I've got a similar issue. Environment: Grid deployed with Helm (4.8.1 - fully distributed - no extra config) - 2 chrome nodes.
5 concurrent tests, each test has a 200 second delay. result: 1 failure
response = {'status': 500, 'value': '{\n "value": {\n "error": "timeout",\n "message": "java.net.http.HttpTimeoutException...n\\tat org.openqa.selenium.remote.http.jdk.JdkHttpClient.execute(JdkHttpClient.java:292)\\n\\t... 36 more\\n"\n }\n}'}
[...]
=========================== short test summary info ============================
FAILED selenium-test.py::test_qahss03_4 - selenium.common.exceptions.TimeoutE...
=================== 1 failed, 4 passed in 404.93s (0:06:44) ====================
To avoid the timeout, I add the following configuration
extraEnvironmentVariables:
- name: SE_SESSION_REQUEST_TIMEOUT
value: "1200"
- name: SE_SESSION_RETRY_INTERVAL
value: "5"`
result: 4 tests PASSED, no response is received for the 5th test and the test suite never completes
All our test suites that use concurrent tests are affected by timeout issues:
[TestNG] org.openqa.selenium.SessionNotCreatedException: Could not start a new session. Response code 500. Message: java.util.concurrent.TimeoutException
An other information that may help to resolve this bug: if I remove the "--session-request-timeout 30" parameter from hub, I don't have the bug anymore. But this is not a solution for me as I have 2 hubs in parallel (for redundancy purpose) and I don't want my new session request being stuck on one of them
I do not see the issue. There are three timeouts into play here:
@bhecquet In your case, you are setting 30 seconds for the session request queue timeout, therefore any new session request will stave because you are leaving the running sessions idle and waiting for the session timeout to happen.
I recommend to check the different flags for configuration here https://www.selenium.dev/documentation/grid/configuration/cli_options/, also the first steps here https://www.selenium.dev/documentation/grid/getting_started/
If you have more questions, I will leave some links below you can use to join our user chat community.
💬 Please ask questions at:
Hello,
thanks for your reply. I think you missed something: I do not let the session idle, in the problematic case, the client request is "aborted" whereas, at the same time, the session is created on the node, so, there is no way to use the created session
The reason is the same, you need to figure out what timeouts work for you. If the client times out before the queue times out, then you will have orphan sessions.
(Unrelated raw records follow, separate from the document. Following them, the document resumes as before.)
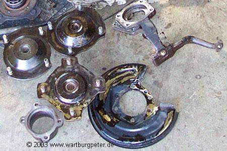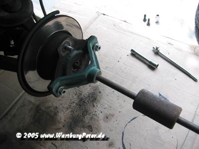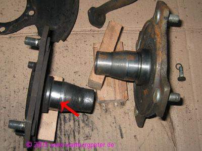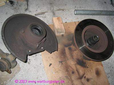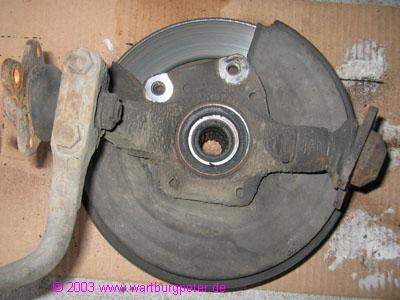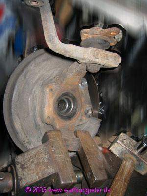 Bei Wartburgs ohne Scheibenbremse weicht die Demontage an dieser Stelle ab. Da ähnelt die Vorderachse eher der Hinterachse ;-)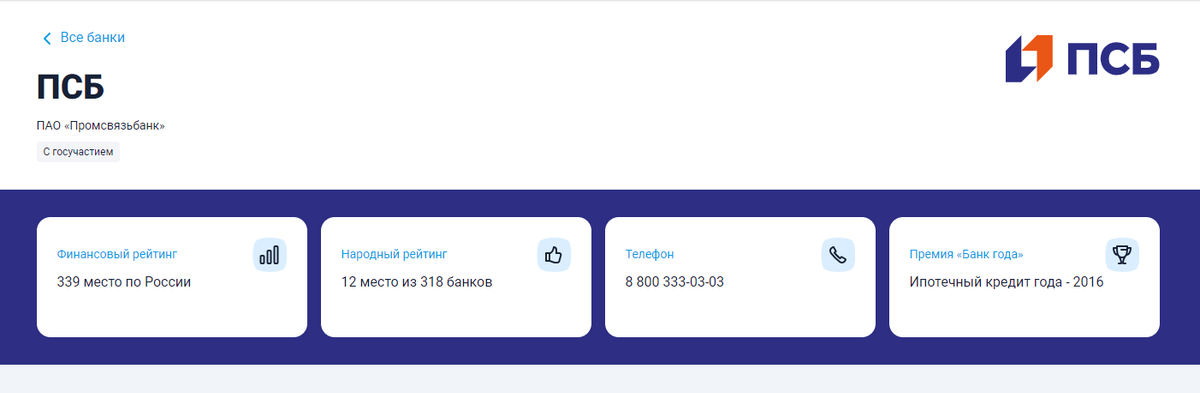 По привычке немного информации Промсвязьбанке. Как видно из скрина с сайта Банки.ру, ПСБ - банк с госучастием, 12место в народном рейтинге. Проблем с этим банков никогда не будет.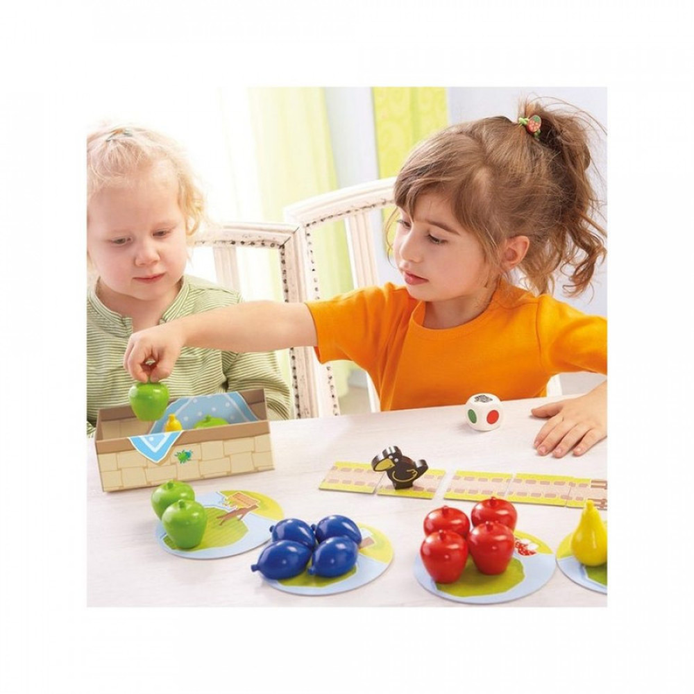 Si los niños consiguen recolectar todas las frutas en el cesto antes de que llegue el cuervo al frutal, ganarán todos la partida porque juntos fueron más rápidos que el cuervo.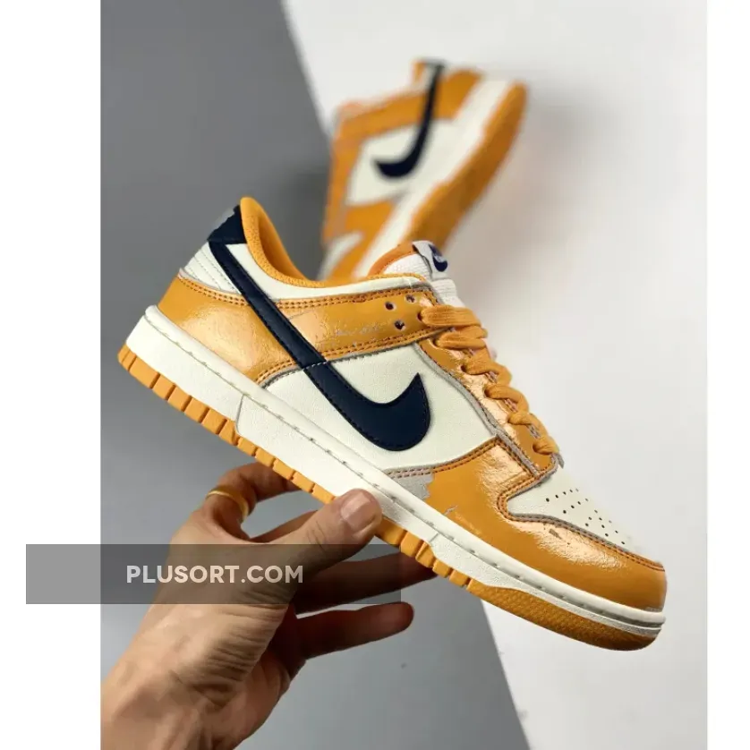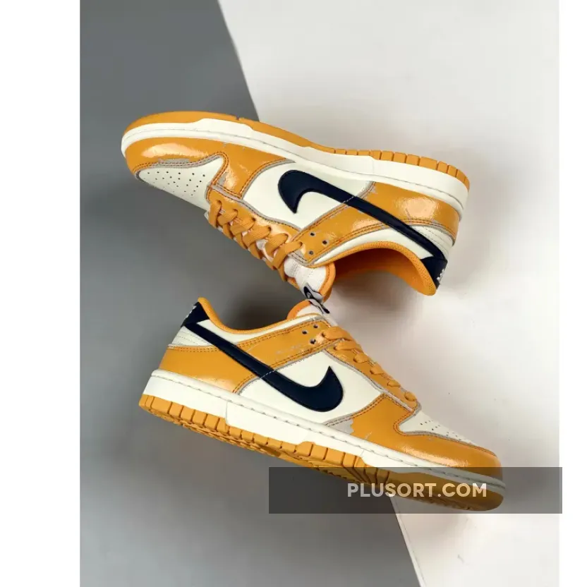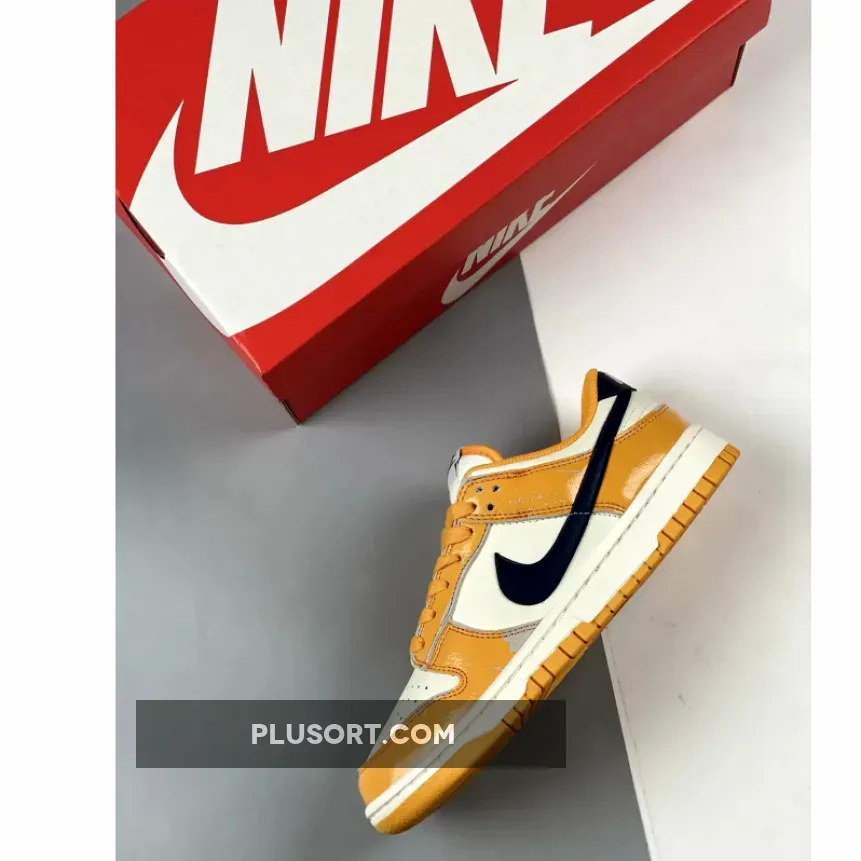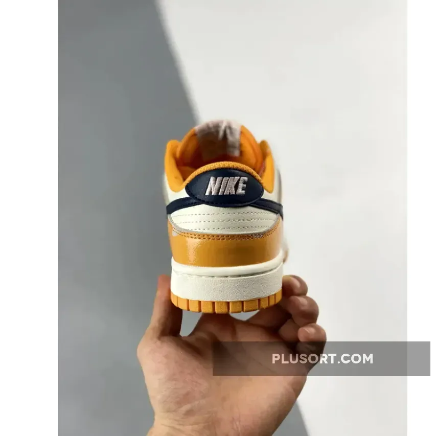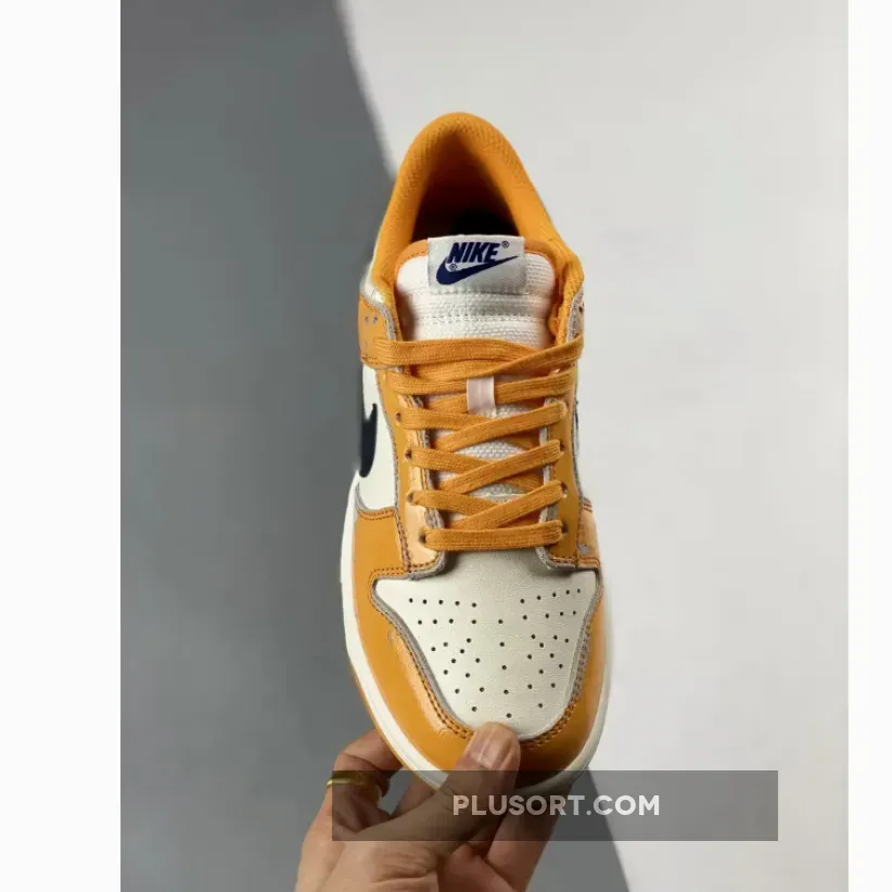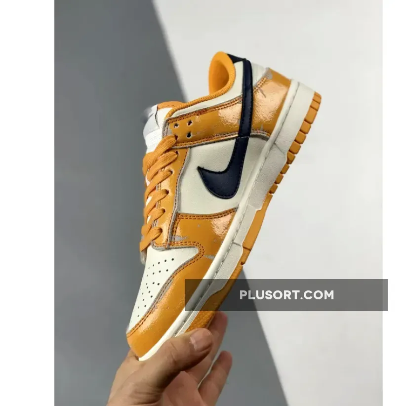 This offering of the Nike Dunk Low comes constructed in a full leather build with mesh tongues and lining. It features a White base with Laser Orange tear-aways overlays and Midnight Navy tumbled leather Swooshes and heels. The worn aesthetic continues on the insoles completed with a White midsole and Orange rubber outsole.

That is why we left it configurable and not hard coded.
So I do not understand why I get a staled session on the node, corresponding to a client request which has already timeout (after 30 secs only).
Tell me if I understand correctly the process:
Is there a moment where session is still in session queue and also created on node ?
That seems correct, but what you are seeing:
Cannot create driver: Could not start a new session. Response code 500. Message: Could not start a new session. New session request timed out
is because the session request was in the queue for over 30 seconds and no Node slot was released in the meantime.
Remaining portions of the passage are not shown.